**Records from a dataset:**
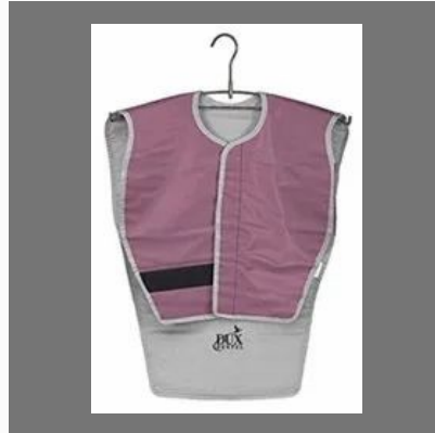
Breast Protection Lead Apron
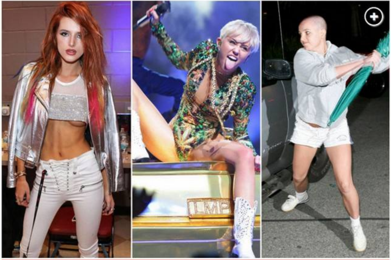
Bella Thorne, Miley Cyrus in 2014 and Britney Spears in 2007.
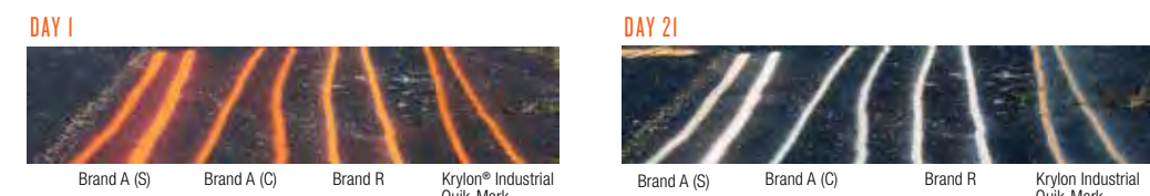
Per APWA color code guidelines, orange indicates phone lines, while white indicates proposed excavation

It's critical that the marks you make retain the appropriate color, avoiding potentially dangerous situations. Quik-Mark® Inverted Marking Paints feature an advanced, UV-resistant, fast-drying formula that won't fade in extreme sun and adheres to hot, cold or wet surfaces. You can trust Quik-Mark to ensure that the skill and hard work you demonstrate on each locate won't be undone by the elements.
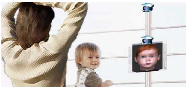
Fig 1: “ Face Painting ” interactive art installation (original concept drawing) using a virtual digital baby and computer vision techniques to sense the presence of the audience.

As the children reached the virtual baby’s face, it noticed being touched and reacted accordingly with a repertoire of negative and positive facial expressions. It was also designed to allow the user painting with his or her finger by changing the colors and properties of the underlying skin.

**EXERCISE:**
After dropping the pictures, reproduce exactly the lines from the first line of the entries through the line containing "It's critical that", both included.

**OUTPUT OF THE EXERCISE:**
Breast Protection Lead Apron
Bella Thorne, Miley Cyrus in 2014 and Britney Spears in 2007.
Per APWA color code guidelines, orange indicates phone lines, while white indicates proposed excavation

It's critical that the marks you make retain the appropriate color, avoiding potentially dangerous situations. Quik-Mark® Inverted Marking Paints feature an advanced, UV-resistant, fast-drying formula that won't fade in extreme sun and adheres to hot, cold or wet surfaces. You can trust Quik-Mark to ensure that the skill and hard work you demonstrate on each locate won't be undone by the elements.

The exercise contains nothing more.